■ EXERCISE INSTRUCTIONS: Starting with the line that contains "1. Diseño de" and stopping after the line that contains "Джинсы клеш от", copy the entries below exactly. Include nothing else.
=== RECORDS FOR THE TASK ===
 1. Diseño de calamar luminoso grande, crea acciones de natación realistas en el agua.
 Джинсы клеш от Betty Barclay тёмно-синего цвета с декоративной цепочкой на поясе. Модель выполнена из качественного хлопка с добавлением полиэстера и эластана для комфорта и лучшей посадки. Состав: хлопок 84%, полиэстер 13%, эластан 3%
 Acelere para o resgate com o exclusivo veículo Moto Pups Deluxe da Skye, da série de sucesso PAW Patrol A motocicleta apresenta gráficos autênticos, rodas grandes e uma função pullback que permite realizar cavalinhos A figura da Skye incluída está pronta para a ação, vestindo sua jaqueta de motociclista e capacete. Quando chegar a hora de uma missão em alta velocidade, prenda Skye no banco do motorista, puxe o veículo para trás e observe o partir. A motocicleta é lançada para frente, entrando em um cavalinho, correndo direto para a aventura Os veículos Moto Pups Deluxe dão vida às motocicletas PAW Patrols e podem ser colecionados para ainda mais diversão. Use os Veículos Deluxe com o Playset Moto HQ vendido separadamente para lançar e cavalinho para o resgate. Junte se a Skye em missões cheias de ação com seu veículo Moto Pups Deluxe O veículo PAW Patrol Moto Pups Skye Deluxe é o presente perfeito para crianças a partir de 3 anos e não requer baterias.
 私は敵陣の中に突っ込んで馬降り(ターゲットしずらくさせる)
===
=== RECORDS FOR THE TASK ===
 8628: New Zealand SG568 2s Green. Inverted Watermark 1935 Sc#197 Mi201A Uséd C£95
===
=== RECORDS FOR THE TASK ===
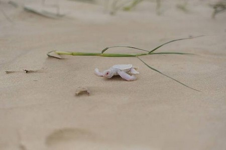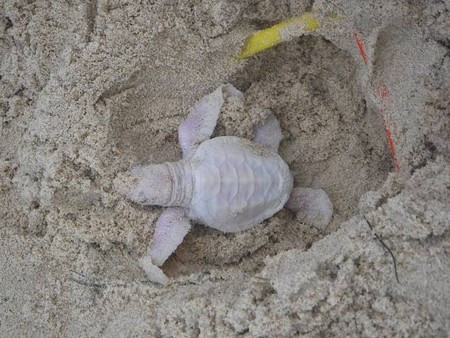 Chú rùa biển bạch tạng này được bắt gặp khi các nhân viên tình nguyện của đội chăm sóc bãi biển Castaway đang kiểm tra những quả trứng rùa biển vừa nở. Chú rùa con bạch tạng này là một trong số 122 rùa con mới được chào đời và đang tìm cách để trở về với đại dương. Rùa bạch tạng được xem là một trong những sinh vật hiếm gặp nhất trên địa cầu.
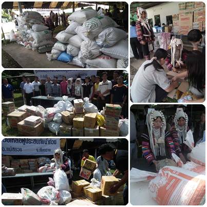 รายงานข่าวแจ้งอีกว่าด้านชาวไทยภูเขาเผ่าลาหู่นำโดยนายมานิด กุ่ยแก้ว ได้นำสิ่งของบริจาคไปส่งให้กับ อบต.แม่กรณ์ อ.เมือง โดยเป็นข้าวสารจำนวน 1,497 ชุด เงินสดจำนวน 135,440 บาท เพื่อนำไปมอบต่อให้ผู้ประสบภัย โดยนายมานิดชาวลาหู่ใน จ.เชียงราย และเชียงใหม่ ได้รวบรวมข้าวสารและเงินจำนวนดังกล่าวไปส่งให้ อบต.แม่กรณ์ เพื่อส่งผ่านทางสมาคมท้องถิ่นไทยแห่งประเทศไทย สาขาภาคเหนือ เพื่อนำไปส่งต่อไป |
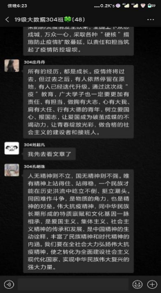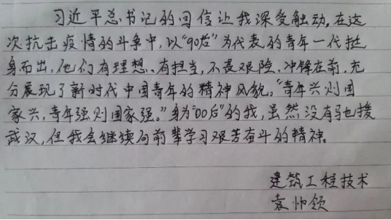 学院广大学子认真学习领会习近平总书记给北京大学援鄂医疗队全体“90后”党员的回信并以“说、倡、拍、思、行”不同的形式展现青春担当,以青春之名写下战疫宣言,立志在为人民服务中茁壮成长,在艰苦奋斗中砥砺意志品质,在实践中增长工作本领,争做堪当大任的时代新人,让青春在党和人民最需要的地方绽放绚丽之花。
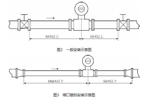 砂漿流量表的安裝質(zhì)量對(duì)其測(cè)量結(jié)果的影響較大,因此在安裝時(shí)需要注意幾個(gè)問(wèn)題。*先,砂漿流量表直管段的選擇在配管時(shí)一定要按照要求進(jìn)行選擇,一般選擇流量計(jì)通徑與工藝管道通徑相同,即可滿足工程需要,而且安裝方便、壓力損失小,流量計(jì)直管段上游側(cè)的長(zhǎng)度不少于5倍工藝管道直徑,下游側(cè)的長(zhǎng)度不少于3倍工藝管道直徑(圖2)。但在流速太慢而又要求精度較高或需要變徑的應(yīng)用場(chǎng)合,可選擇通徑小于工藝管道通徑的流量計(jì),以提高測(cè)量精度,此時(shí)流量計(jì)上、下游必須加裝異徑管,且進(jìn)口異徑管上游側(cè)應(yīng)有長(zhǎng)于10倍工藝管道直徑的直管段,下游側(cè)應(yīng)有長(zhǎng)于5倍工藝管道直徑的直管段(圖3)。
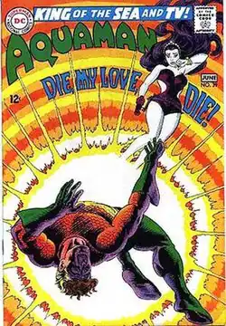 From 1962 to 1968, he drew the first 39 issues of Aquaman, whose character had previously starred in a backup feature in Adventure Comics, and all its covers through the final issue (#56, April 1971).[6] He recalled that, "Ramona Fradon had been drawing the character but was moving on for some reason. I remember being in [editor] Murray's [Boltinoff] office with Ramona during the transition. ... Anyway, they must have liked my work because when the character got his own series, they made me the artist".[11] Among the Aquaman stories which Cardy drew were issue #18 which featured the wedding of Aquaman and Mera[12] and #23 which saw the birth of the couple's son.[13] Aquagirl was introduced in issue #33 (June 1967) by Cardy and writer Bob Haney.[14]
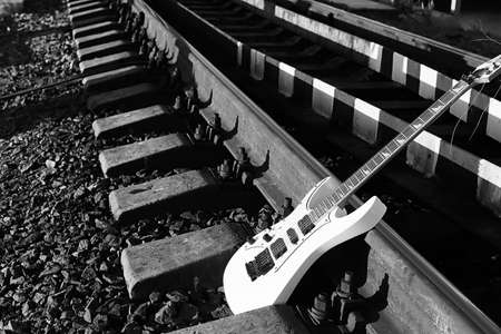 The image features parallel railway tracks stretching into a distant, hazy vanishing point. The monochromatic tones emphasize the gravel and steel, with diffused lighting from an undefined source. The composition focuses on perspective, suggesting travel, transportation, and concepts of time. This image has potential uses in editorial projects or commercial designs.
===
■ SOLUTION TO THIS EXERCISE:
 1. Diseño de calamar luminoso grande, crea acciones de natación realistas en el agua.
 Джинсы клеш от Betty Barclay тёмно-синего цвета с декоративной цепочкой на поясе. Модель выполнена из качественного хлопка с добавлением полиэстера и эластана для комфорта и лучшей посадки. Состав: хлопок 84%, полиэстер 13%, эластан 3%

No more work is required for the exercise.